- Fairfields Location within Buckinghamshire
- Interactive map of Fairfields
- Population: 2,536 (2021 census)
- OS grid reference: SP798390
- Civil parish: Fairfields;
- District: City of Milton Keynes;
- Unitary authority: Milton Keynes City Council;
- Ceremonial county: Buckinghamshire;
- Region: South East;
- Country: England
- Sovereign state: United Kingdom
- Post town: MILTON KEYNES
- Postcode district: MK11 4
- Dialling code: 01908
- Police: Thames Valley
- Fire: Buckinghamshire
- Ambulance: South Central
- UK Parliament: Milton Keynes North ;
- Website: Fairfields Community Council

= Fairfields =

Civil parish in Milton Keynes, Buckinghamshire, England

Fairfields is a neighbourhood and civil parish that covers a large new development area on the western flank of Milton Keynes, Buckinghamshire, England. As the first tier of Local Government, the parish council is responsible for the people who live and work in this area of Milton Keynes.

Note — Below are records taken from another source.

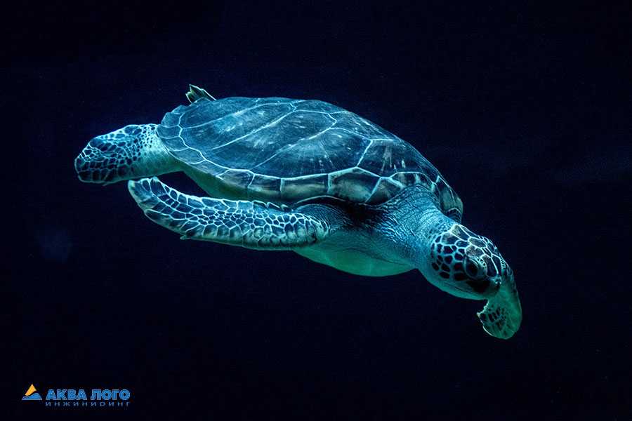 В нашем аквариуме живет одна молодая Зеленая Суповая черепаха. Для нее выделен отдельный аквариум
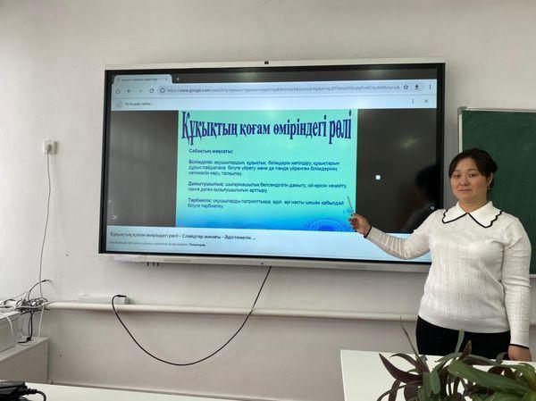 Шу ауданы, Ақсу ауылы «Жүсіп Баласағұни атындағы орта мектебі» КММ. 6 сынып жетекшісі Шымшықова Гүлімай 2022-2023 оқу жылындағы жасөспірімдер арасында құқық бұзушылық пен заң бұзушылықтың алдын алу жоспарына сай қараша айында «Құқығын білген қор болмас» тақырыбында 6 сынып білім алушыларына сынып сағаты өткізілді.Мақсаты: Бала құқықтары оларды сақтау өз құқықтары мен міндеттері туралы түсінік бере отырып, оларды жүзеге асыруға дайындық қабілеттерін қалыптастыру
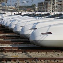 博多駅から車両基地までの山陽新幹線の回送線を旅客線化した路線。現在の博多南駅のある那賀川市で市街地化が進み、住民の要望で利用できるようになった経緯があるそうです。博多~博多南間は在来線扱いで乗車券200円+特定特急券100円で乗車が可能。それにしても車両基地の中の駅なのでホームから独特の景観が楽しめます。

It is bounded by Calverton Lane (the Monks Way (H3) alignment west of Watling Street), Watling Street (V4), the Ridgeway (H1) reserve route, and a hedgerow line with Calverton CP. The district covers 123.5 ha (including open space) and is projected to have 2,220 homes and 9 ha of employment land. At the 2021 Census, relatively early in its development, the population had reached 2,536.

==Origins==
The (greenfield) land it occupies was previously part of Fairfield Farm, in Calverton, a rural parish that is now just outside the Milton Keynes urban area. In 2004, the Government decided on the further expansion of Milton Keynes and accordingly designated land on the eastern and western flanks for this purpose. Along with the adjacent parish of Whitehouse (and Broughton on the eastern flank), this is the part of the implementation of that decision.